LeadingAge, along with its Post Acute Care Coalition partners, on November 12, 2025 shared detailed recommendations with the Center for Medicare and Medicaid Services (CMS) for improving the Medicare Advantage (MA) prior authorization processes to better ensure beneficiaries timely access to post-acute care (PAC) services and to reduce the administrative burden on providers from Medicare Advantage (MA) prior authorization(PA) and concurrent review requests.
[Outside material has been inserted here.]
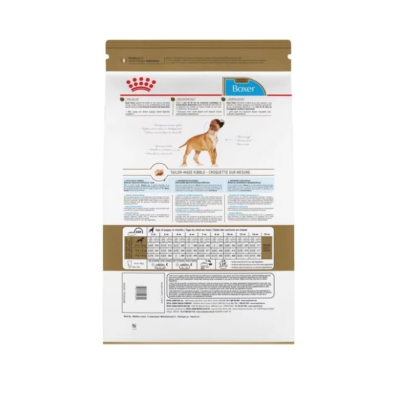 Dry dog food designed to meet the nutritional needs of purebred Boxers 8 weeks to 15 months old. Specialized kibble helps Boxers easily pick up and chew their food. Helps protect puppy development of the immune system and natural defenses with an exclusive complex of antioxidants including vitamin E. Provides developing muscle support and weight management with precise protein content and L-carnitine. Supports healthy digestion and intestinal health with high-quality proteins and prebiotics, which also help promote optimal stool quality..

The solutions offered are in follow up to a July meeting between the PAC coalition and CMS that included a discussion of steps that could be taken to ensure PAC providers benefit from efforts to improve PAs.
The PAC coalition offered two detailed PA solutions to CMS:
- Require all MA plans to use a standard PA request form. The PAC coalition developed and included an example;
- Require all PAC PA requests to be treated as expedited with plan decisions required within 24 hours.
Of note, the solutions also recommend that concurrent review requests should require abbreviated data that reflects only the new information on the beneficiary since the prior request (e.g. progress, clinical notes, changes in condition) and that MA plans should not require concurrent reviews more than once per week.
Our detailed recommendations and sample standard request form sent to CMS can be viewed here.
Our goal with these solutions to is to ensure that as the Interoperability and Prior Authorization rule is implemented, with particular focus on the requirement that beginning in January 1, 2027 all MA plans must implement a PA Applicable Programming Interface (API) with a goal of speeding up decision making timelines and create an electronic bridge to communicate PA requests along with required documentation and plan decisions on those requests, PAC providers and the older adults they serve will benefit.
We believe our proposed solutions align with the rule’s intent, insurer’s pledge to reduce and improve the PA processes, and the administration’s goals to reduce burden on providers and plans.
This paper reflects just one of our advocacy strategies for reducing the administrative burden of PAs on providers and ensuring beneficiaries have more timely access to needed skilled nursing facility and home health services.
It supplements comments we’ve already made about how to improve the MA program through standardization and simplification. We continue to support other regulatory changes and legislation to standardize, simplify and speed PA decisions.